Any method for fitting a survival regression model can be combined with stability selection by fitting the model using only the stably selected variables.
Stochastic gradient boosting
A gradient boosting machine fits base learners sequentially to so-called pseudo-residuals. A base learner is a simple model of f, e.g. one small regression tree, and the ensemble estimate of f consists of an aggregate of all the base learners. Regularization by shrinkage may be applied for each base learner. A stochastic gradient boosting machine samples (without replacement) for each iteration a subset of observations uniformly from the training data and uses only this subset for fitting a particular base learner 15.
We used an implementation of a stochastic gradient boosting machine with trees as base learners that directly optimizes a smoothed version of the concordance index (C-index) as described in 16. The implementation is available on GitHub 17, which is a fork of an earlier version of the gbm R package 18. This implementation implicitly applies shrinkage when fitting an individual tree, as an optimal solution is not guaranteed 16. Pilot experiments indicated that additional explicit shrinkage did not improve the predictions, and therefore our implementation does not use explicit shrinkage. The subsampling fraction (bag fraction) controls the number of observations used for each tree fit. Our implementation sets the subsampling fraction to 0.5, allows for interactions of up to three variables, and uses a minimum node size of 10. The number of trees is chosen by built-in cross-validation with a maximum of 1000.
We fitted gradient boosting machines using all 93 predictor variables in the dataset as well as using only the stably selected variables.
Random survival forests
A random survival forest is an ensemble method similar to a boosting machine that uses trees as base learners 19. For each iteration of the algorithm, a dataset of the same size as the original is sampled with replacement. A tree is then grown using this data set. For each node of the tree, a subset of variables is sampled and considered for splitting. The splitting is done according to one of the variables in order to maximize survival difference as measured by the log-rank test statistic. In each terminal node, a Nelson-Aalen estimate is calculated and the estimates are then aggregated into an ensemble fit of the cumulative hazard function. To obtain a single predicted outcome for each subject, we used ensemble mortality as defined in 19.
Random survival forests can be fitted using the randomForestSRC R package 19. Our implementation uses 1000 trees with a minimum node size of 6 (number of events in terminal nodes). For each split the procedure considers 20 candidate variables, and for each of those variables a maximum of 10 potential splitting points are randomly chosen. Setting a maximum of potential splitting points has two purposes. First, it speeds up computations. Second, it counters the fact that the algorithm is biased towards splitting on continuous variables as opposed to variables with only a few levels 20.

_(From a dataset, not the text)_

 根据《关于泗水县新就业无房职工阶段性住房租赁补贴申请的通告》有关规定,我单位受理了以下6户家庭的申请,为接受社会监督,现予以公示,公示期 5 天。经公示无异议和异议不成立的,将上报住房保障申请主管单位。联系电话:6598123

As for stochastic gradient boosting, survival forests were fitted using all predictor variables as well as only the stably selected variables.
The score metric
Survival prognosis can be viewed as a prediction of a binary variable (is the patient dead) at each future time point, in which case the prognosis by the risk score can be evaluated using the conventional AUC score at any given time point. The time integrated AUC (iAUC) constitutes a single summary score, and it was the main score metric for the DREAM subchallenge 1a. The score can be estimated using the timeROC R package 21.

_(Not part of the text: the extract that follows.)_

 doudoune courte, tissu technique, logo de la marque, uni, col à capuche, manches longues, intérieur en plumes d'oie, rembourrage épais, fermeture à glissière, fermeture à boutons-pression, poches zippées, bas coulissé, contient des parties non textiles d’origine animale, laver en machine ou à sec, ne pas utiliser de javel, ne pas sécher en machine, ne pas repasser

The modeling and assessment pipeline
The methods described above for imputation, for fitting a survival model, and for variable selection can be combined in a number of ways. We implemented all meaningful combinations resulting in a total of 24 prognostic models, see Table 5.
Table 5. The eight used combinations of variable selection and methods for fitting a survival model.
Method | All variables | Stab. selected
variables |
---|---|---|
Lasso | ✓ | |
Debias.
Lasso |
✓ | |
Cox | ✓ | |
Gam | ✓ | |
Forest | ✓ | ✓ |
Boosting | ✓ | ✓ |
The final submission for the Prostate Cancer DREAM challenge from team KUStat was based on a generalized additive model using stability selected variables and the MCAR imputation scheme. Some hand tuning of the final submission was made, see our write-up 22 for details. The hand tuning was not implemented for this paper.
The implementation consists of a collection of supporting R functions and a main training and prediction function that fits all the 24 models on a training data set and returns the risk scores for a test data set. The assessment pipeline consists of a 5-fold cross-validation step to estimate iAUC using the training data only, and a refit step where the models are fitted to the full training dataset and risk scores are predicted for the validation dataset.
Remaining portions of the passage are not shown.